Jamaica Observer
- Type: Daily newspaper
- Owner(s): ATL Group, Adam Stewart
- Founder: Butch Stewart
- Founded: January 1993
- Website: jamaicaobserver.com

= Jamaica Observer =

Daily newspaper in Jamaica

The Jamaica Observer is a daily newspaper published in Kingston, Jamaica. It was established by hotelier and businessman Butch Stewart alongside Delroy Lindsay and Trinidadian politician Ken Gordon in January 1993 as a competitor to Jamaica's oldest daily paper, The Gleaner. The first full-colour newspaper in the Caribbean, its founding editor is Desmond Allen, who is its executive editor – operations. At the time, it became Jamaica's fourth national newspaper.

==History==
The Jamaica Observer began as a weekly newspaper on March 7, 1993, before transitioning to twice-weekly in June 1993 and to daily publication on December 11, 1994. It is the first full-colour newspaper in the Caribbean. The paper moved to larger facilities on Beechwood Avenue in Kingston as part of its tenth anniversary celebrations in 2004.

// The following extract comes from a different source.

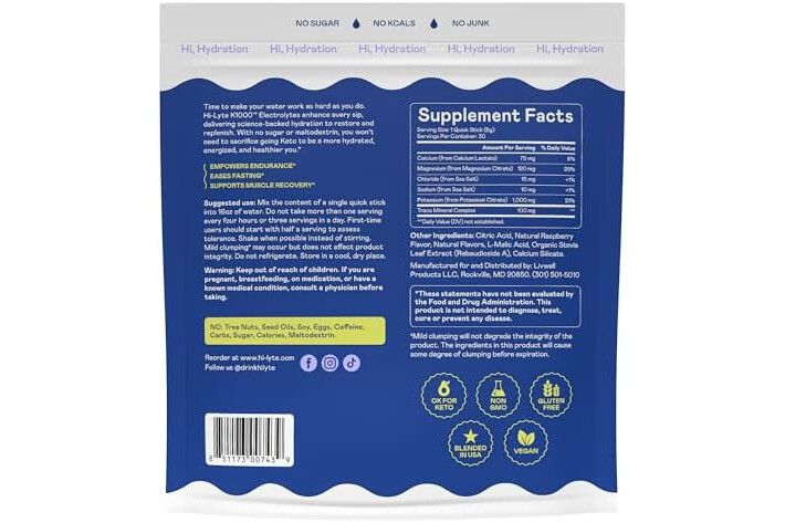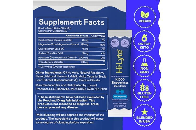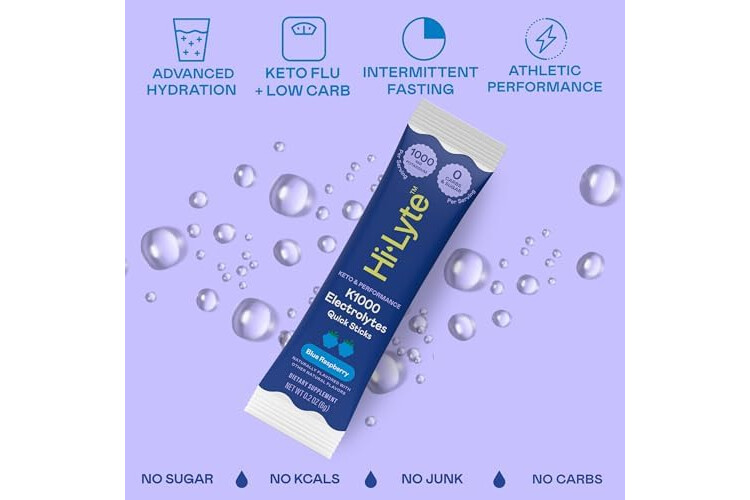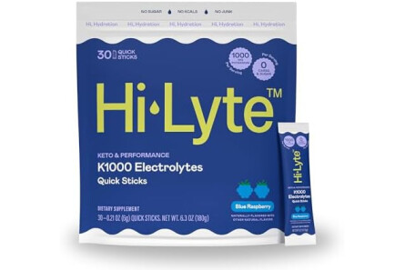 Hi-Lyte K1000 Electrolytes Sticks Blue Raspberry Keto & Performance, 30 Servings - 1000mg Potassium + Magnesium, Sodium, Trace Minerals - 0 Carbs, 0 Sugar
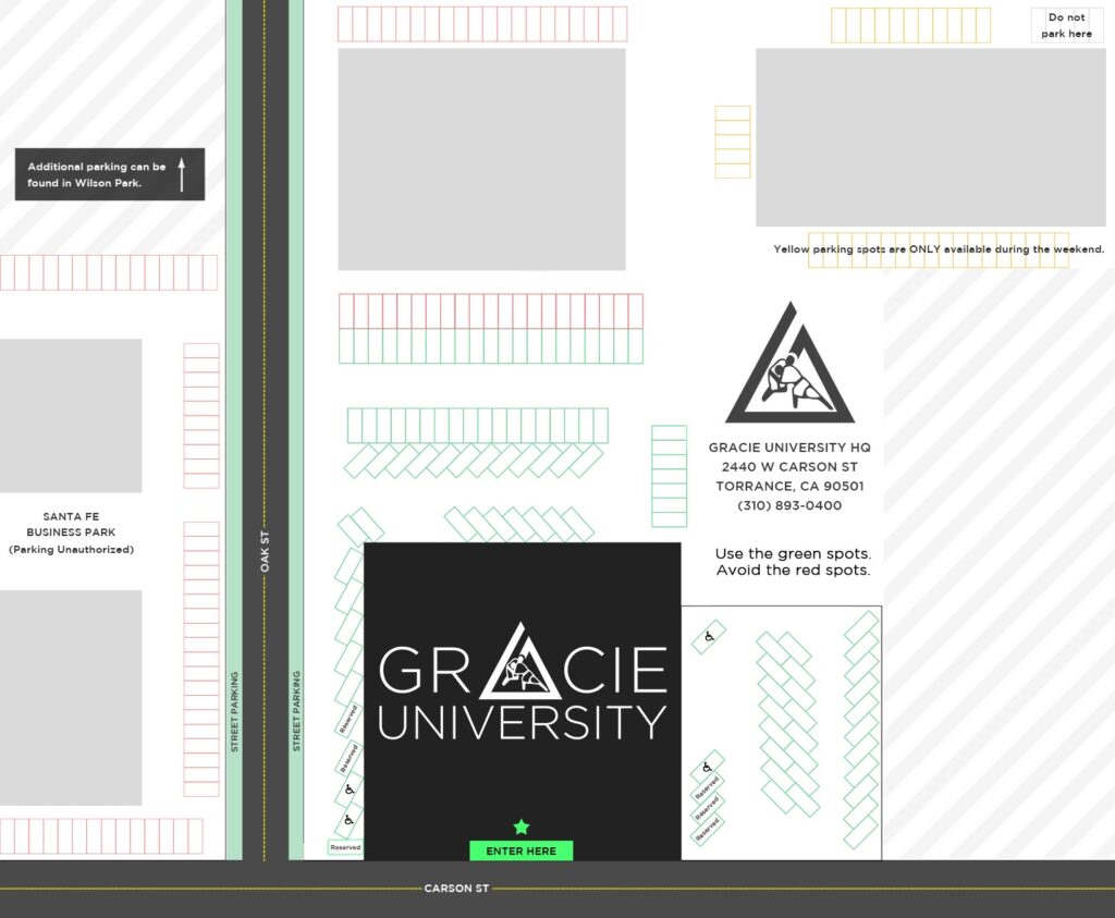 Gracie University Headquarters is located at 2440 W. Carson Street in Torrance. We offer ample parking in the west, east, and north lots, all conveniently located adjacent to our building. Additional street parking is available on Oak Street.

Desmond Allen who came from the Jamaica Daily News, described Stewart's vision: "For Butch, Jamaica was too sophisticated and dynamic to be a "one-newspaper society." He regarded the Observer as a gift to Jamaica, charging the staff to produce a different type of journalism that was focussed on mirroring the best of Jamaicans to themselves and to celebrate the daily heroism of the ordinary people." In 1995, the paper published a series of nine anonymous letters to the editor criticising the Jamaican government for awarding Stewart the Order of Jamaica.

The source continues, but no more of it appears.